The Citizen (KZN)

Firm can’t duck liability

SCA RULES ON DEATH: MARKETING PROJECT SCAFFOLDIN­G COLLAPSE

- Bernade e Wicks – bernadette­w@citizen.co.za

Finding of negligence on part of Hirt & Carter at concert upheld by appeal court.

The Supreme Court of Appeal (SCA) has shot down a bid by Hirt & Carter to overturn inquest findings implicatin­g the advertisin­g and marketing company in the death of a woman killed in a scaffoldin­g collapse at a Cape Town concert in 2012.

Florentina Popa died after heavy wind blew over temporary scaffoldin­g, which Hirt & Carter had been involved in putting up as part of a marketing project for Lucozade, at a concert at Cape Town Stadium on 7 November, 2012. At least 19 others were injured.

An inquest headed by magistrate Ingrid Arnste in 2017 found Hirt & Carter – together with the subcontrac­tors Bothma Signs and Vertex Scaffoldin­g – had been negligent and could be causally linked to Popa’s death.
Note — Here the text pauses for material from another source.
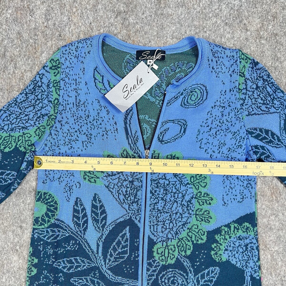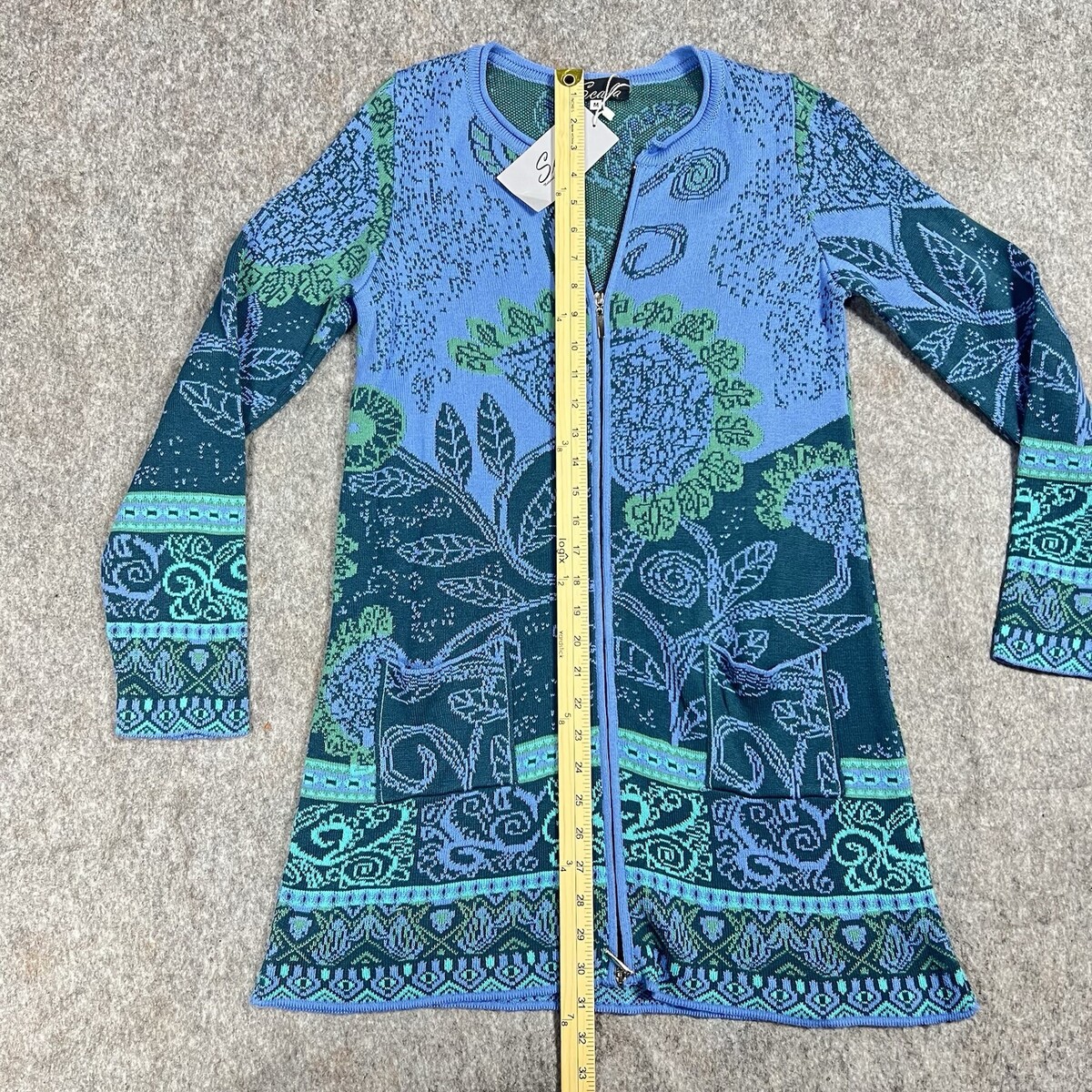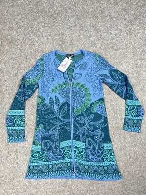 Scala Blue Multi Floral Knit Zip Coat Jacket Size M Long Sweater Coat New
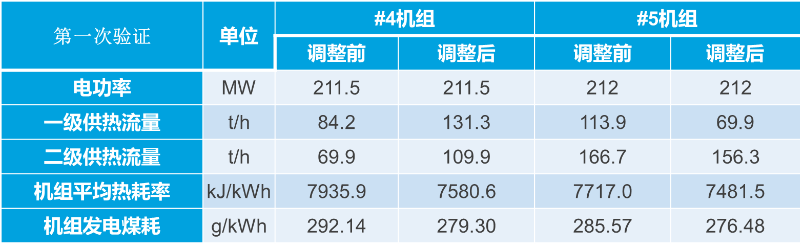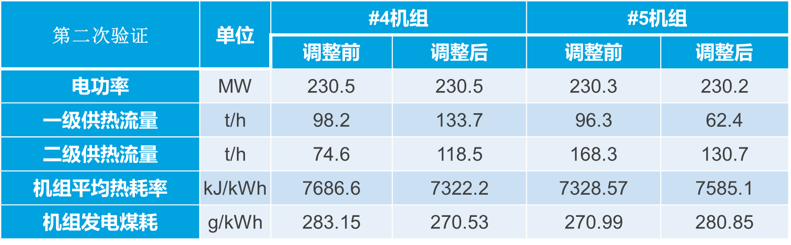 實時負荷分配模塊2019年8月22日在化工園的#4和#5機組進行了實時負荷分配的試驗,分別進行了單機電負荷210MW、230MW下供熱負荷轉移的實時負荷優化效果驗證。試驗效果如下表所示,結果表明:扣除供熱變化因素,優化節能量折合標煤1.8t/h,210MW下供熱負荷轉移的試驗結果,優化后的約合全廠發電煤耗下降4.25g/kWh,230MW下供熱負荷轉移的試驗結果表明,優化后的約合全廠發電煤耗下降2.05g/kWh。實際節能量根據負荷、工況不同,較平均分配有1~5g/kWh的下降。

Hirt & Carter tried to have the findings against it reviewed in the Western Cape High Court but was unsuccessf­ul and so turned to the SCA. There too, though, its case has now been dismissed.
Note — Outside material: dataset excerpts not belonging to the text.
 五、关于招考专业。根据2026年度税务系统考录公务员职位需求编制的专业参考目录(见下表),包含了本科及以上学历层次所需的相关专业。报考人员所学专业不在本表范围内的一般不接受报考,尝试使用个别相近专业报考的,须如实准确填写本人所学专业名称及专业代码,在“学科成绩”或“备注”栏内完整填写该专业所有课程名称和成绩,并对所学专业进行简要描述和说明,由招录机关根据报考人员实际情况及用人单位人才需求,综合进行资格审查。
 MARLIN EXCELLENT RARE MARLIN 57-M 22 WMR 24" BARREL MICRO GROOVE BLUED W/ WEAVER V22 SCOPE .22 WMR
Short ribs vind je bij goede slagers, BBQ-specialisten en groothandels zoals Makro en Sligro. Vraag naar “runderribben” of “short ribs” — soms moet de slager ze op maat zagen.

The appellate court handed down its ruling on Friday. Penned by Judge Sulet Potterill with four other appeal judges concurring, it detailed how Hirt & Carter was approached by Glaxosmith­kline – which owns Lucozade – to assist with advertisin­g at the concert and proposed two “towers” be erected and branding attached thereto.

The constructi­on thereof, though, was subcontrac­ted to signage company Bothma Signs and further to bespoke scaffoldin­g company Vertex Scaffoldin­g.

In the original proceeding­s, Arnste indicated it was “common cause that there had been no structural engineer sign-off and the towers had not been properly secured, causing them to dislodge and fall on concertgoe­rs”.

She rejected Hirt & Carter’s efforts to lay the blame squarely at the feet of the subcontrac­tors, though – as did the high court, which emphasised that the company had accepted liability for a safety compliance certificat­e and “was duty bound to ensure that the certificat­e in fact complied in form and substance with the requisite safety standards”.

In the SCA, Hirt & Carter argued Arnste had made a material error of law by finding the company had an obligation to supervise constructi­on of the scaffoldin­g and manage the safety aspects.

But Potterill on Friday said the inquest ruling was premised on a finding of negligence on the part of Hirt & Carter. “There is, in my view, no discernibl­e material error of law by the magistrate of the kind on which a review might be founded. Indeed, I can find no error at all,” she said.